As of now plastic surgery in Mexico is at the height of fame, thanks to medical tourism agencies. Mexico offers the same medical care quality as the U.S. but goes out with rock-bottom plastic surgery cost. Although the medical care in Mexico may not be as inexpensive as the ones in some Asian nations, the proximity to the U.S. is a big advantage to patients. Some U.S. companies are now sending employees to Mexico for their annual checkups. Some expert also find Mexico as a definite answer to treat the aging and under-insured Americans at a time when the retirement of baby boomers will further tax the U.S. health care system. An estimated 43 million Americans, about 15 percent of the population, are uninsured, according to a Census Bureau study.

The growth of medical tourism in Mexico and how the country will mature in terms of health care will determine the future of most American patients. According to Peter Maddox, Christus Health senior vice president for business, strategy and corporate development, "Our country will go broke unless we find a health care alternative". He sees Mexico as a wonderful alternative with incredible potential.

Paul D. Johnson is an analyst and one of the medical experts of GoSculptura, a medical tourism leader in the organization of packages for plastic surgery in Mexico. Patients will have the benefit to know information such as plastic surgery cost and inquiries on how to get affordable plastic surgery in Argentina by visiting the site - Gosculptura.com.

12 Reasons to Choose a Senior Planning Service

Not near your loved ones? Can't be there all the time to care for, support, and help? Concerned and fearful about their well being? No need to worry anymore....

That's now a Senior Planning Service's responsibility!!!!

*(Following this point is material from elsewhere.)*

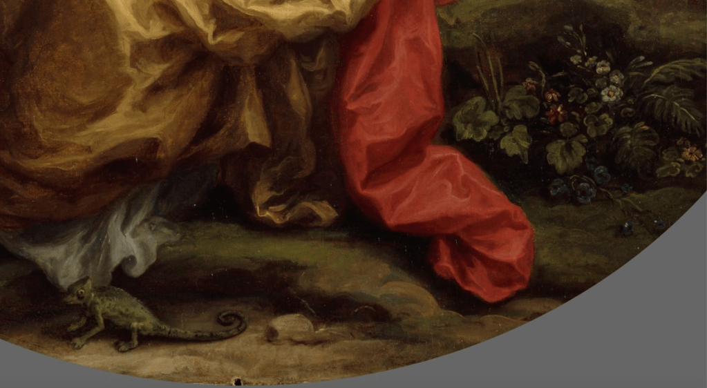 The rainbow is not the only symbol she uses to express the idea of colour. The figure herself is wearing red, yellow and a small amount of a very subdued blue – the three primaries – just as ‘Painting’ does, if more intensely, in her self portrait (POTD 14). There is also a small group of flowers growing at the bottom right – generic flowers, the Ecologist tells me, not specific ones – chosen, presumably, because flowers grow in all the colours of the rainbow. There is also a creature I have not seen elsewhere in art, even though Vasari does mention it in a lost painting by Uccello. The chameleon is famed for changing its colour according to its environment. Artists too are chameleons, Kauffman says, or rather, their paintings are, as the paintings taken on the exact colours of their subjects. I love the fact that she has painted a chameleon. As I say, you don’t see them very often in paintings – and it does look rather surprised to be there!

  1. Senior planning services are available 24 hours a day, 7 days a week, 365 days a year so you don't need to be there.
  2. If you think your family is difficult to deal with, believe me, they probably have met worse.
  3. Next time your Dad calls and starts to drive you nuts you can tell him to call the senior planning service instead. Your mother can call when ever she wants and talk all about her lumbago, sciatica, or Mrs Sweeny's gallbladder surgery. Every situation is different; every life unique; A senior planning coordinator will customize their services to meet the needs of each individual client.
  4. A senior planning service can be less expensive than roundtrip airfares. They will save you time, money and aggravation while providing respect and compassion for your loved ones. A senior planning service can be less expensive than roundtrip airfares.
  5. Senior planning coordinators are conscientious and dedicated and will provide you with important information that will allow you the ability to choose which assisted living or nursing facility best fits your parents needs and personality.
  6. Your parents can't push their buttons. Senior planning coordinators are trained professionals and have experience in managing different situations, plus your parents didn't know them when they were in diapers.
  7. To Mom and Dad your still a kid and wet behind the ears. How can you possible know what's best for them? A senior planning coordinator will explain to them in a way that they will understand and accept, what you have been trying to advise them all along.
  8. A senior planning service can accomplish in two hours what could possibly take you weeks to achieve.
  9. A senior planning coordinator can tell your "know it all" annoying sibling that they really "don't know it all" without causing a major family feud. They can mediate between family members without causing any hurt feelings.
  10. A senior planning coordinator knows how to help your folks get through the fear of spending their retirement savings, when they are in need of additional help.
  11. A senior planning service will provides you with the stress free, ease of mind knowledge, that they will quickly check up on your parent when you're told "everything is ok" and you know better.
  12. A senior planning service will ensure that you and your family feel comfortable with your decisions and the quality of care your loved ones will receive.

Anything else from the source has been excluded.